## EXERCISE INSTRUCTIONS
Repeat verbatim what the listing holds, but not its pictures.

## PROVIDED DATA
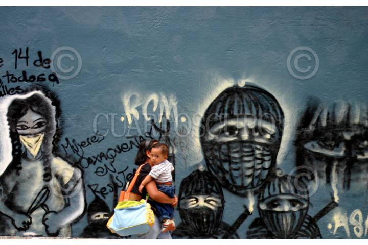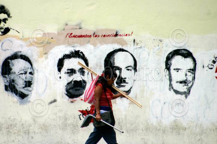 OAXACA, OAXACA, 13JUNIO2008.- Diversas pintas han reaparecido en las paredes de los comercios casas aledañas a el Zócalo, los imagenes muestran imagenes en contra del gobierno federal y local y han sido realizadas supuestamente por los maestros de la sección XXII del Sindicato Nacional de Trabajadores de la Educación que mantienen desde hace un par de semanas un plantón en el centro de la ciudad. FOTO: MAX NÚÑEZ/CUARTOSCURO.COM
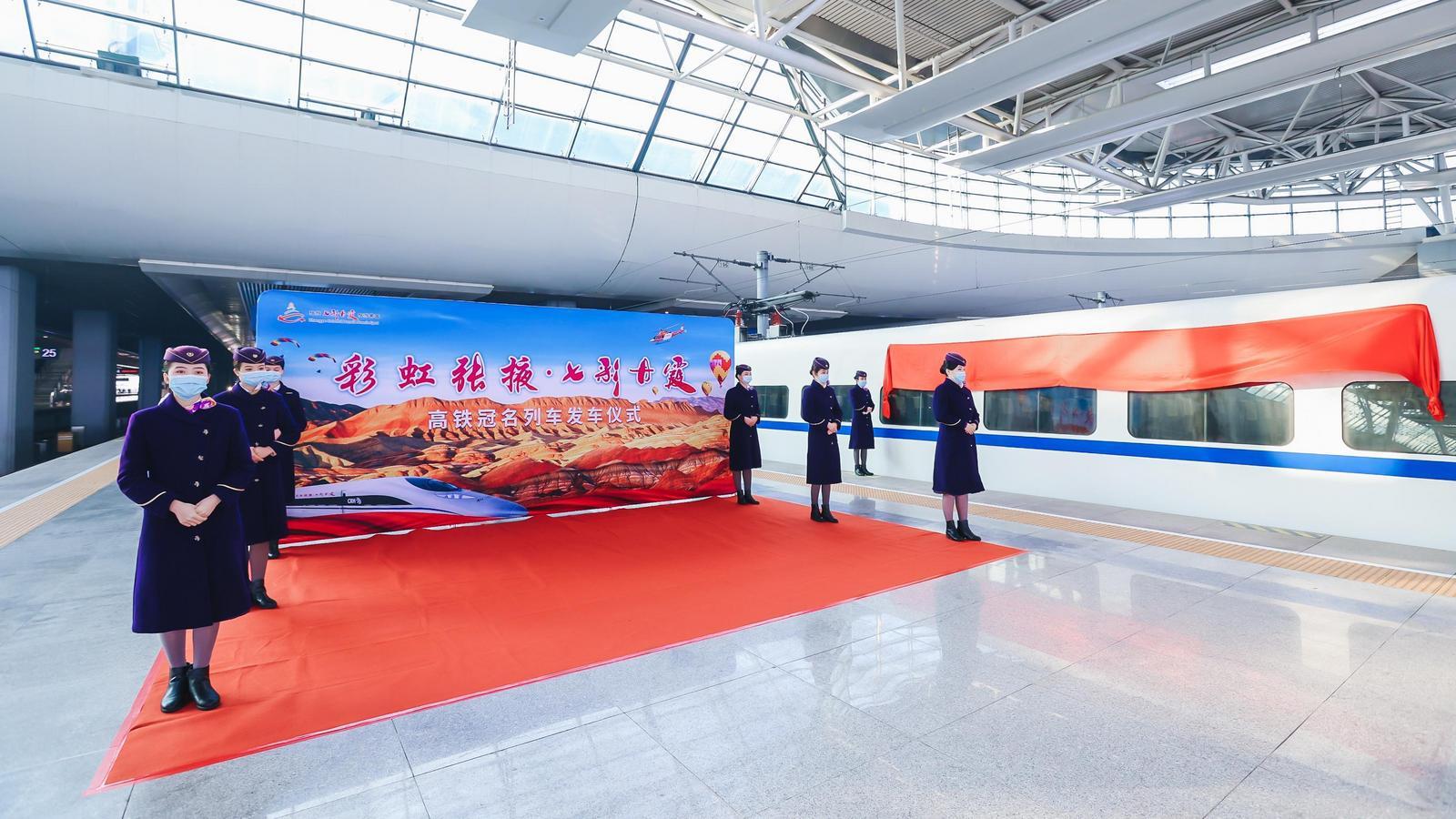记者了解到,“彩虹张掖·七彩丹霞”冠名高铁为上海局上南所CRH2A和谐号,途经上海、苏州、杭州、南京、无锡、绍兴、温州、宁波、东莞、厦门、深圳、武汉、重庆等重点客源地城市,有助于全方位宣传展示张掖及张掖七彩丹霞旅游景区的大美景观。
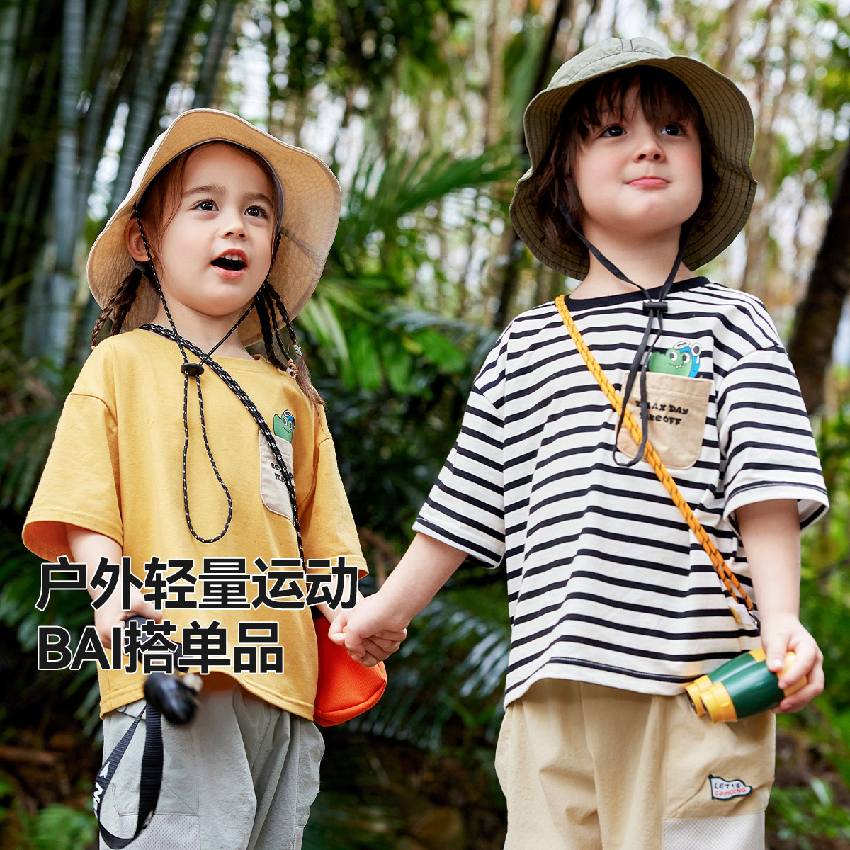 【不易变形】男童短袖夏季儿童t恤运动夏宝宝条纹夏装中大童短T潮

## RESULT OF THE EXERCISE
 OAXACA, OAXACA, 13JUNIO2008.- Diversas pintas han reaparecido en las paredes de los comercios casas aledañas a el Zócalo, los imagenes muestran imagenes en contra del gobierno federal y local y han sido realizadas supuestamente por los maestros de la sección XXII del Sindicato Nacional de Trabajadores de la Educación que mantienen desde hace un par de semanas un plantón en el centro de la ciudad. FOTO: MAX NÚÑEZ/CUARTOSCURO.COM
记者了解到,“彩虹张掖·七彩丹霞”冠名高铁为上海局上南所CRH2A和谐号,途经上海、苏州、杭州、南京、无锡、绍兴、温州、宁波、东莞、厦门、深圳、武汉、重庆等重点客源地城市,有助于全方位宣传展示张掖及张掖七彩丹霞旅游景区的大美景观。
 【不易变形】男童短袖夏季儿童t恤运动夏宝宝条纹夏装中大童短T潮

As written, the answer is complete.